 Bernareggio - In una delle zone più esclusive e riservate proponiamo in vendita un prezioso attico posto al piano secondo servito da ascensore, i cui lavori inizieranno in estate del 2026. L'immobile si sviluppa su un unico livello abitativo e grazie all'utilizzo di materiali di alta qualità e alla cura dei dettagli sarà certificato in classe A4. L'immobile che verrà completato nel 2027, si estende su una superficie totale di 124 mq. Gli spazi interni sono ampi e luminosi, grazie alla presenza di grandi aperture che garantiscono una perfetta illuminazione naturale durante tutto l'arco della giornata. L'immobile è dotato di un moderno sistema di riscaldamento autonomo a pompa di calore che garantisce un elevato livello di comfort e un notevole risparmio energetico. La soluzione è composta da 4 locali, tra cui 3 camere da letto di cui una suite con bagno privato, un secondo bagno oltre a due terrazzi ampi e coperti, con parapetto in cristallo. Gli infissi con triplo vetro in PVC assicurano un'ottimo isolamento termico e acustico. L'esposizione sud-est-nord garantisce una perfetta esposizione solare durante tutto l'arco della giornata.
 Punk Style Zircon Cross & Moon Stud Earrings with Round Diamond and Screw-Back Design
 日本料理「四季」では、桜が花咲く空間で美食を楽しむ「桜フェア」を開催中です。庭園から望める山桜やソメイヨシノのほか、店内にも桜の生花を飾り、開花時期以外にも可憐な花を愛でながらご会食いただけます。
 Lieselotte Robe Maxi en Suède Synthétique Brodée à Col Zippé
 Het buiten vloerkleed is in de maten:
--
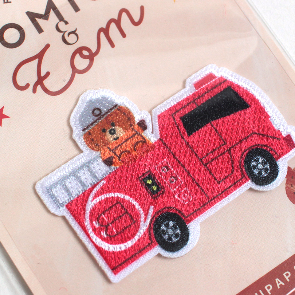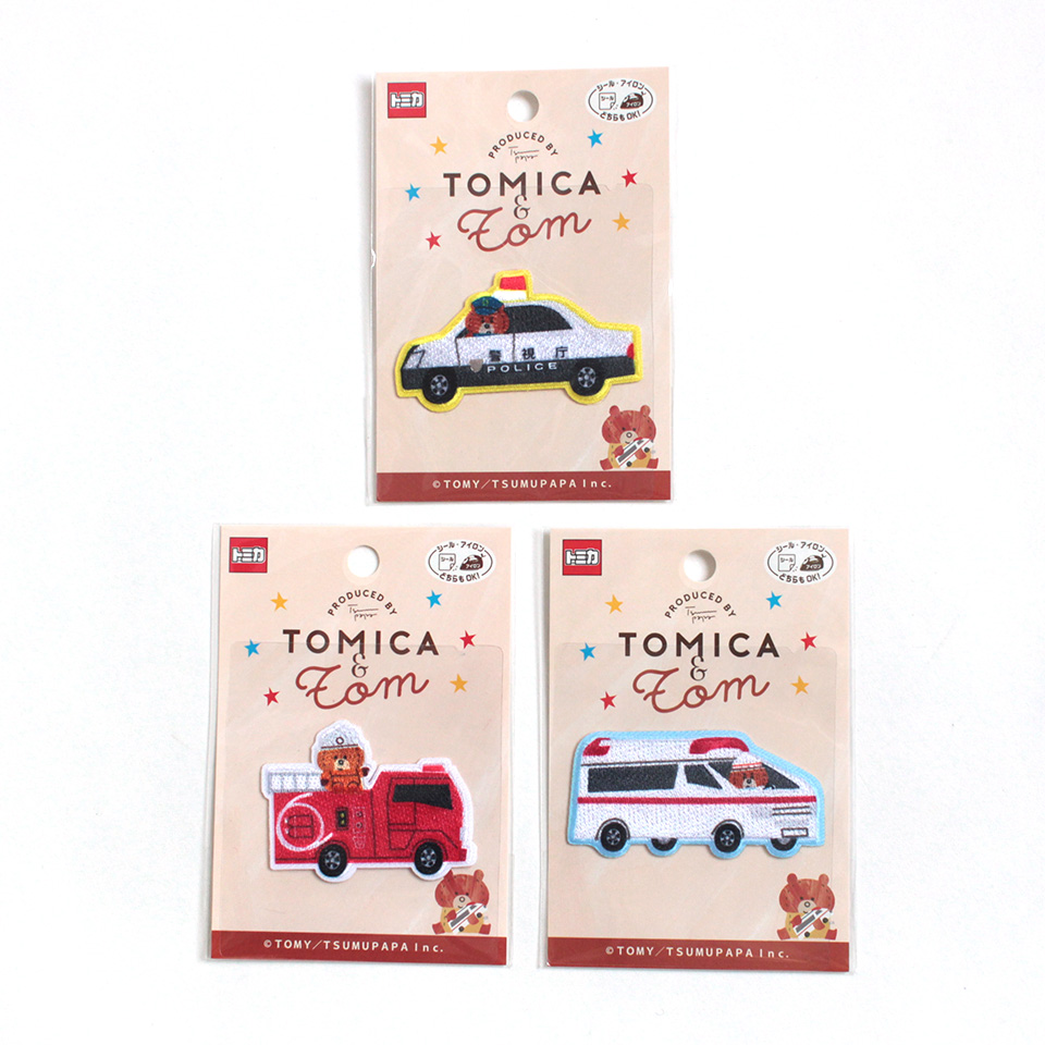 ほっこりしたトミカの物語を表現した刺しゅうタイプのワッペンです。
--
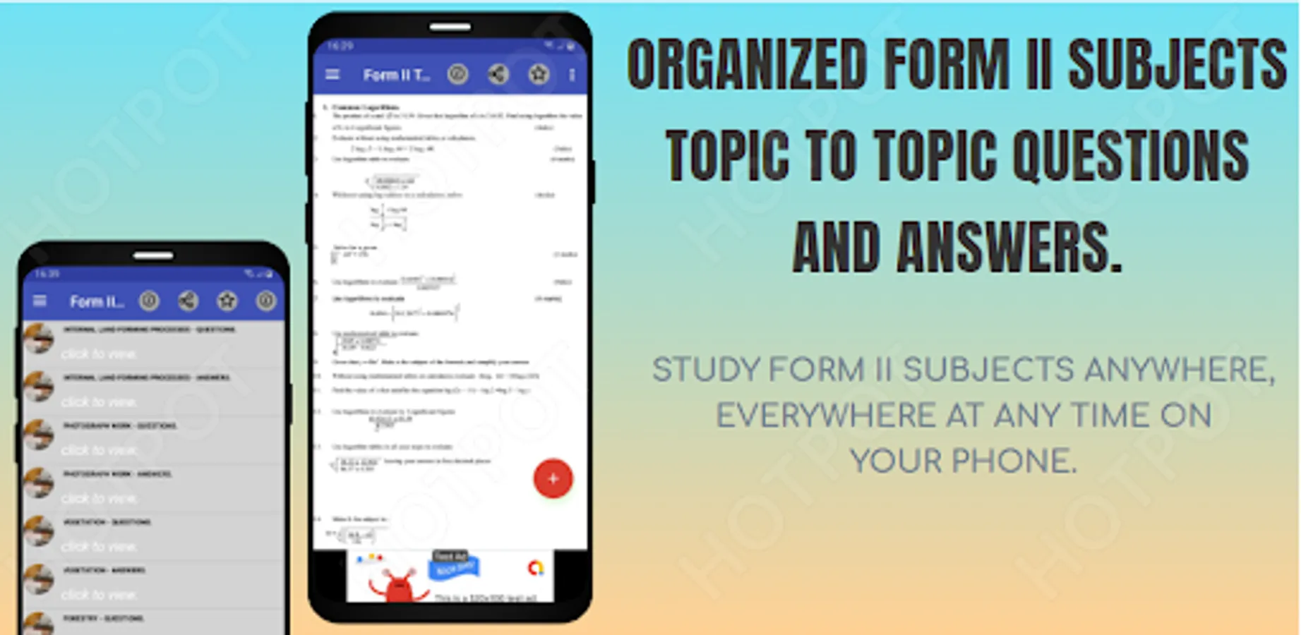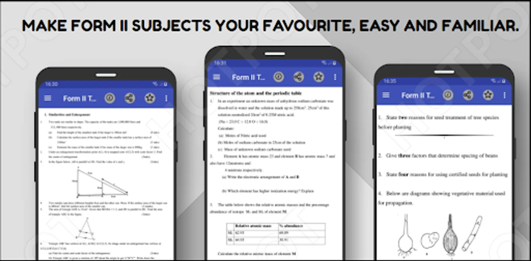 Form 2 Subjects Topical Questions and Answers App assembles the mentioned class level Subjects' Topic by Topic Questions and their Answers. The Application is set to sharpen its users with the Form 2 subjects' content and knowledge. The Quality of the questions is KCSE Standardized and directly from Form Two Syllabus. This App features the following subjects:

Your objective: Find where the line with "Punk Style Zircon" sits in the material above, then copy exactly from it through the line with "Het buiten vloerkleed". Add no other line.

Solution for this task:
 Punk Style Zircon Cross & Moon Stud Earrings with Round Diamond and Screw-Back Design
 日本料理「四季」では、桜が花咲く空間で美食を楽しむ「桜フェア」を開催中です。庭園から望める山桜やソメイヨシノのほか、店内にも桜の生花を飾り、開花時期以外にも可憐な花を愛でながらご会食いただけます。
 Lieselotte Robe Maxi en Suède Synthétique Brodée à Col Zippé
 Het buiten vloerkleed is in de maten:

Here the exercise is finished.